1. Use Relative Paths

Relative paths make your project more portable:

# Good
biotope add data/raw/experiment.csv

# Avoid
biotope add /absolute/path/to/experiment.csv

2. Organize Your Data

Keep your data organized in logical directories:

data/
├── raw/
   ├── experiment_2024_01/
   └── experiment_2024_02/
└── processed/
    └── combined_results/

3. Add Files Incrementally

Add files as you work with them rather than all at once:

# Add files as you create them
biotope add data/raw/new_experiment.csv
biotope annotate interactive --staged
biotope commit -m "Add new experiment data"

4. Use Descriptive Commit Messages

When you commit after adding files:

# Good
biotope commit -m "Add RNA-seq dataset: 24 samples, 3 conditions"

# Better
biotope commit -m "Add RNA-seq dataset: 24 samples, 3 conditions, QC passed, ready for analysis"

Troubleshooting

"Not in a biotope project"

 Not in a biotope project. Run 'biotope init' first.

Solution: Run biotope init to initialize a biotope project.

"Not in a Git repository"

 Not in a Git repository.
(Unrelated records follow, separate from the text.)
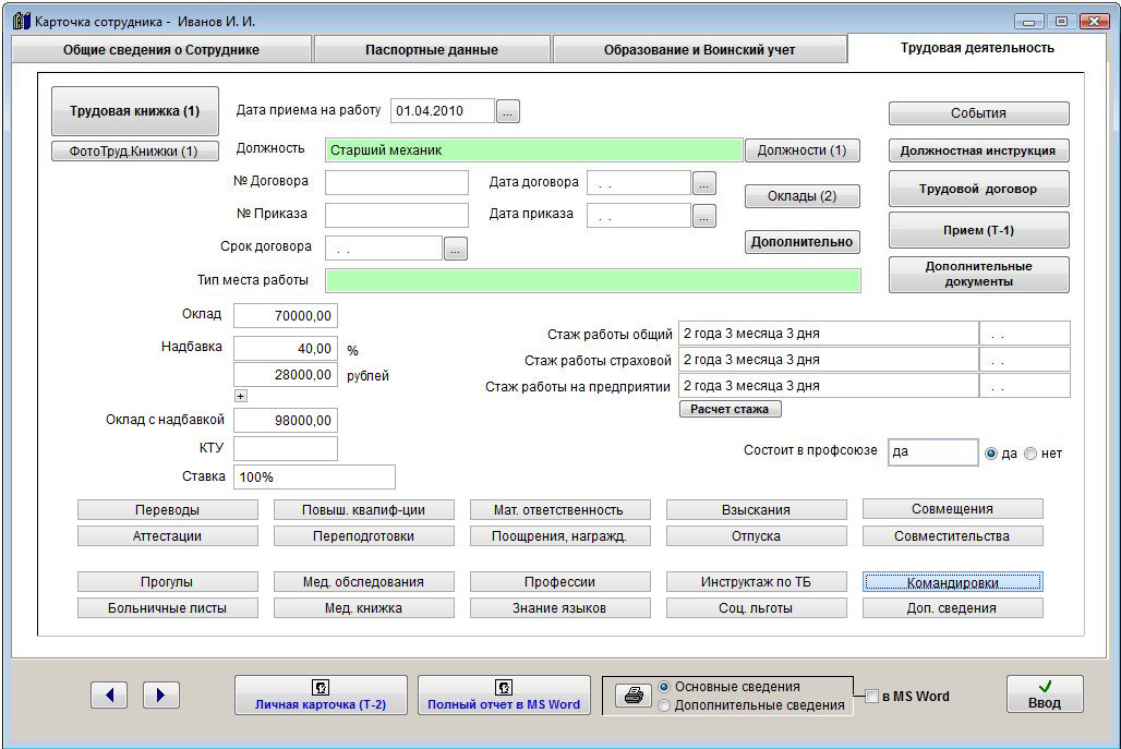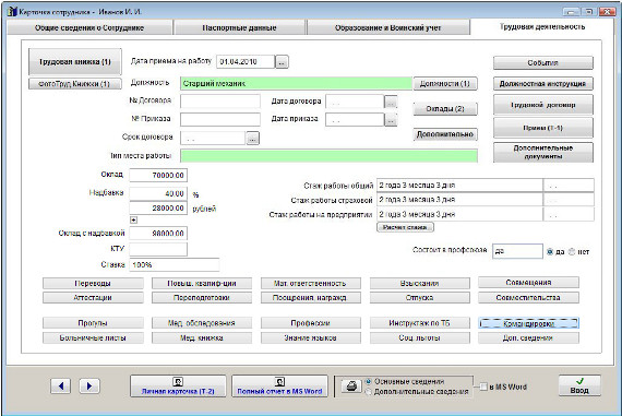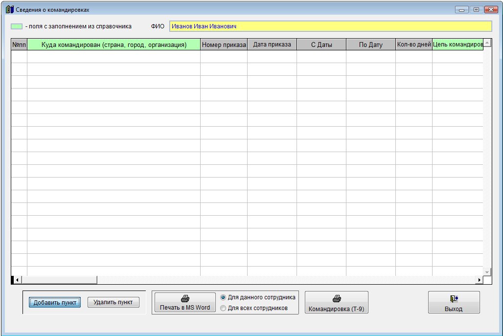 Если установлена опция "Для данного сотрудника", то в MS Word (OO Writer) , будет выведена информация только по данному сотруднику.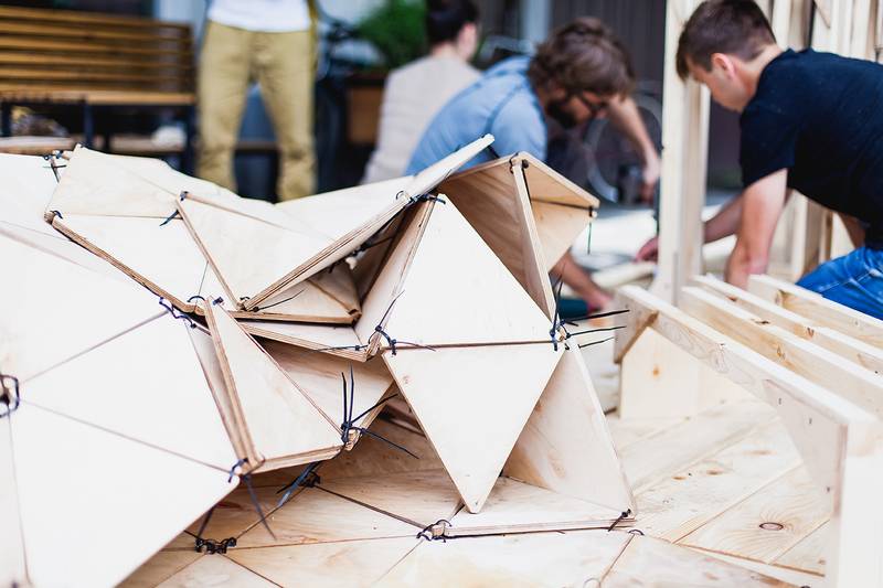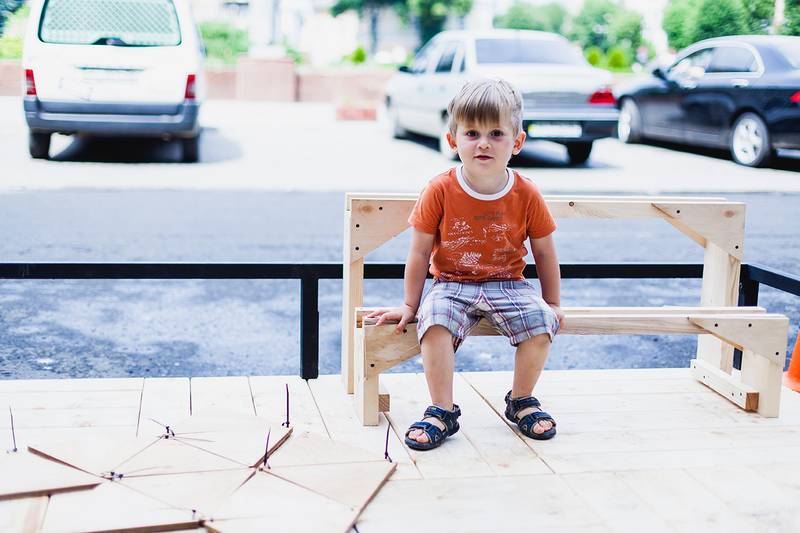 "Честно говоря, мы не ожидали такого ажиотажа. Специально решили сделать лавочки в виде рельефа из треугольников, чтоб каждый мог присоединиться к работе. Сначала нарезали около 500 элементов из фанеры, а потом люди их дружно собирали.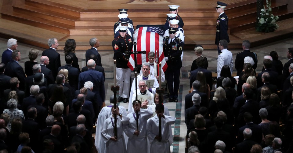 If her words were stern and stinging, the broader theme of the day was redemption. (The civilian mourners included the disgraced CBS anchor Charlie Rose.) The two principal eulogists were the very men who deprived McCain of the presidency: George W. Bush and Barack Obama, and both confessed some surprise at having been chosen for the honor, and spoke with rueful humor of how he had helped make them better presidents. The pews were filled with people (Nancy Pelosi? Paul Ryan?) who don’t agree on much of anything—except for their admiration for McCain, a singular figure whose death has occasioned a moment, however fleeting, of unity in Washington.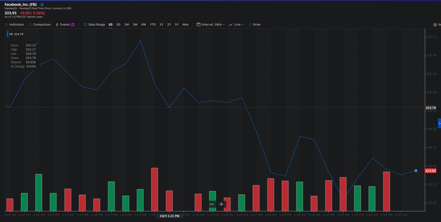 Tính đến 13h ngày 4/10 (giờ Mỹ), tức 0h 5/10 (giờ Việt Nam), cổ phiếu của Facebook trên sàn Nasdaq giảm 5,3% giá trị so với đầu ngày, về mốc 324,87 USD/cổ phiếu. Giá trị vốn hóa của công ty đang về mức 916,2 tỷ USD. Trên các sàn S&P 500 và Nasdaq Composite Index, giá cổ phiếu của Facebook cũng giảm từ 1,7-2,61%.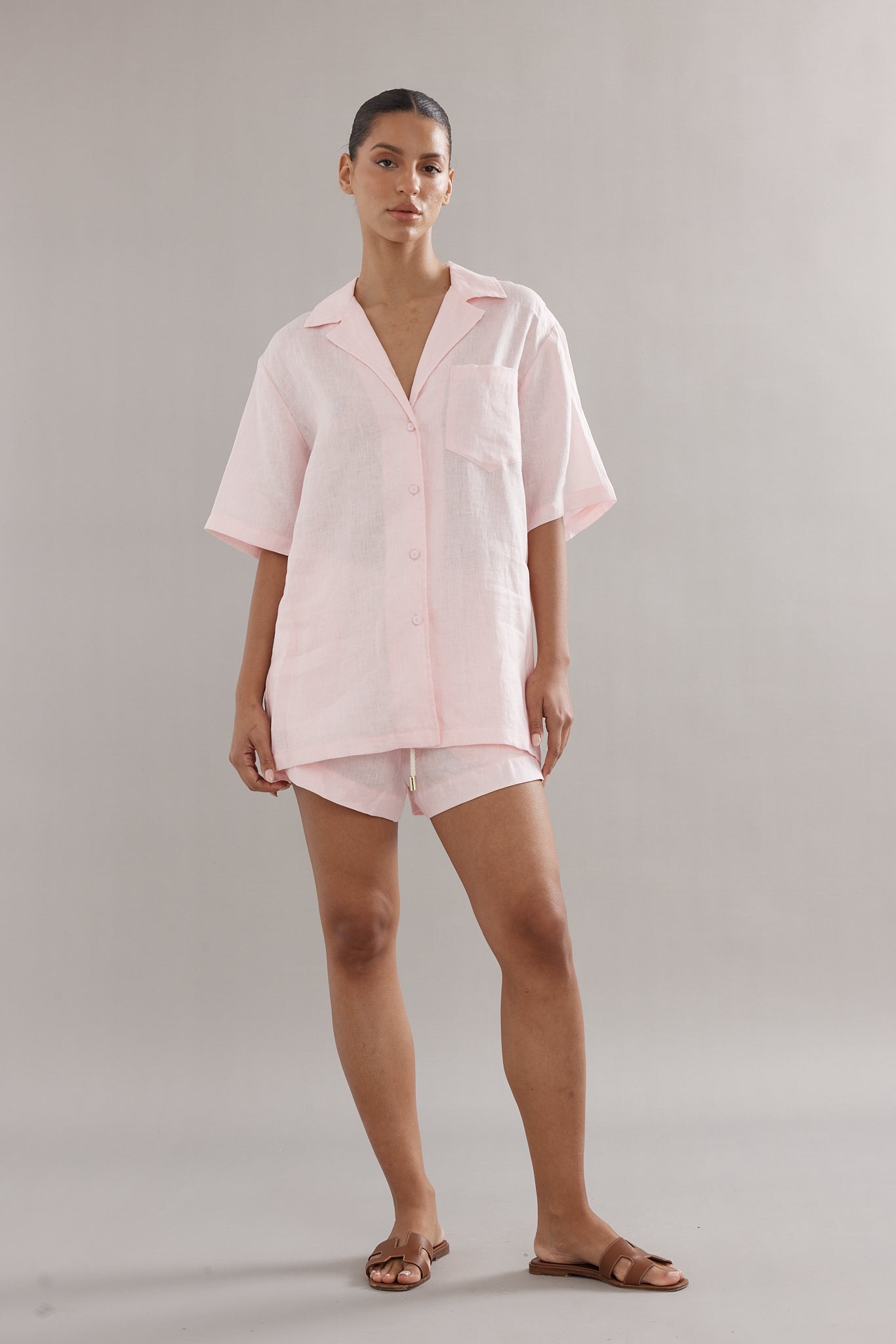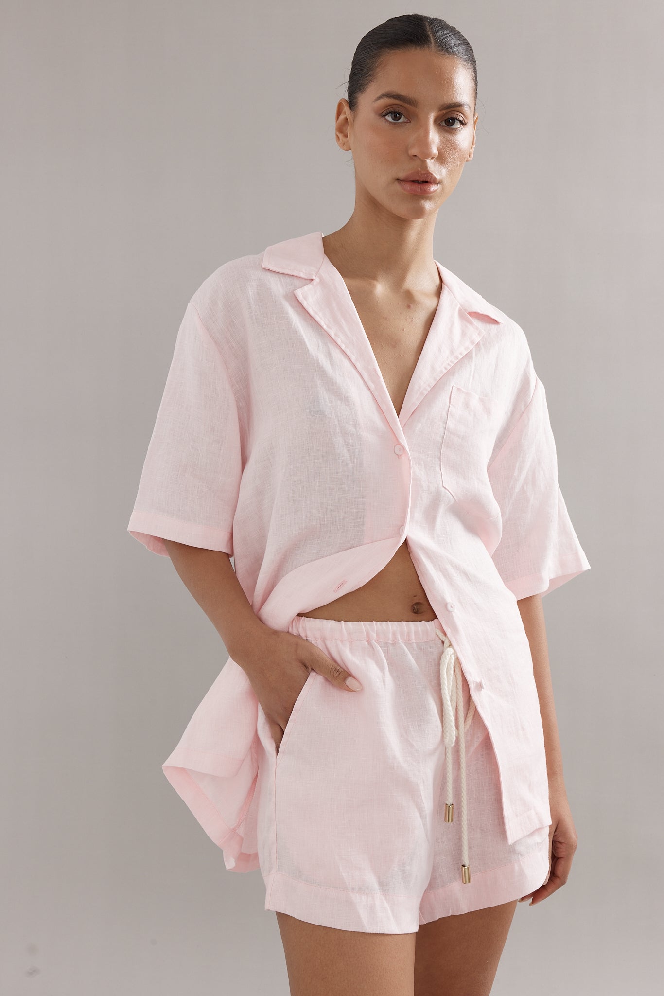 The perfect blend of luxury and comfort. The Ibiza Shirt is the epitome of relaxed chic. Style it with the matching Jimmy Joggers in Pink Linen!

Initialize Git first with 'git init'.

Solution: Initialize Git in your project directory:

git init
git config user.name "Your Name"
git config user.email "your.email@example.com"

"File already tracked"

⚠️  File 'data/raw/experiment.csv' already tracked (use --force to override)

Solution: Use --force if you want to update the file's metadata:

biotope add data/raw/experiment.csv --force

"Path does not exist"

 Path 'data/raw/experiment.csv' does not exist.

Solution: Check the file path and make sure the file exists.

Getting Help

For additional help, use:

biotope add --help

This will show all available options and usage examples.